I will keep things up a level and more broadly constructive in the future.


I didn't write any of the Python code you are complaining about. The install steps do use environment variables (and in fact set some in the bashrc). The install steps are not a script for reasons I gave in other comments in this thread (reboots, remote dependencies). You mention elsewhere that the effect includes JPEG artifacts if you use JPEG as your intermediate state. That is unfortunate, so I have added a links to other Python scripts for making movies so more variation is available.

I started this because none of the instructions I could find actually worked or had prominent enough links into the original BVLC source and Wiki. And why I did not submit to somebody else's Github or Wiki- mostly so I wouldn't have to beg to have pull accepted or a Wiki edit not reverted.


I apologize if you felt I was picking on you personally however I was in the same position as you. Nothing out there works. Now including your recipe.

Meanwhile the top GitHub issue for your referenced Python project (also on the HN home page is):

"Unable to run script with default arguments, get an invalid syntax exception."

I poked in to see if he'd managed to rename "avconf" to "avconv" yet.

Right below:

  print("SHITTTTTTTTTTTTTT You're running CPU man =D")
I found this:

  # this line is not tested cuz i don't have avconv :(
It's just all so gloriously half-assed. Sorry if you got caught in the cross-fire but it's hard to soar with the eagles when you're hanging out with turkeys.


$2.60/hr is way overpaying. For this task people should definitely be using spot instances, which are $0.32/hr. Big difference! It seems to me like they should also switch from g2.8xlarge to g2.2xlarge because caffe does not benefit much from multiple GPUs.
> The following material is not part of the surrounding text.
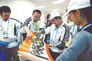 江苏奥运冠军与市民一起为奥运加油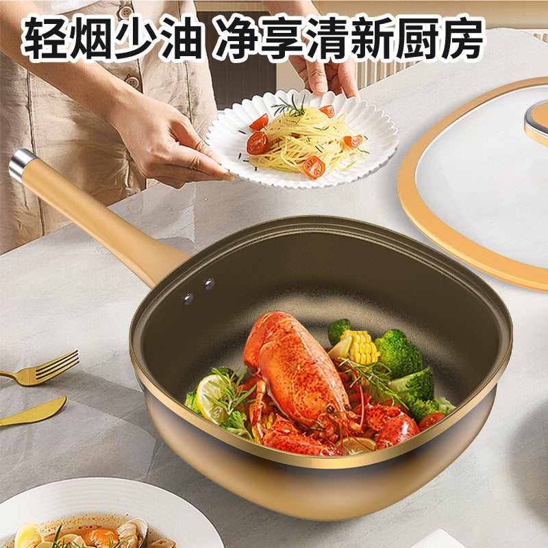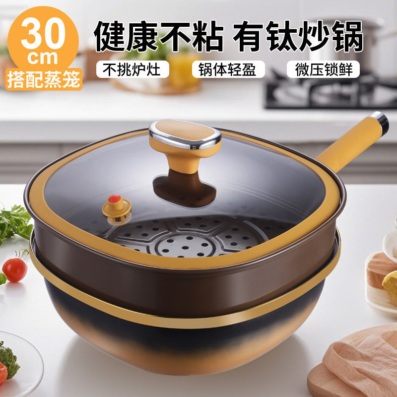 Titanium Pole Flat Bottom Wok – Non-Stick, Low Oil Fume,

That brings the cost to $0.07/hr; more than an order of magnitude difference.


Actually multiple instances of CAFFE rendering these models is working well for me. I'm paralleling 16 processes across 8 GPUs and everything fits. (Training might not work as well.)

Spot instances are great until the random hedgefund peak sneaks in and deletes all your work.

Your guidance for people just noodling around is right on the mark, though! The 2x machines are fine for playing and, once you get the AMI set up (hint hint) it's a two minute upgrade.


You might want to re-read the HN guidelines.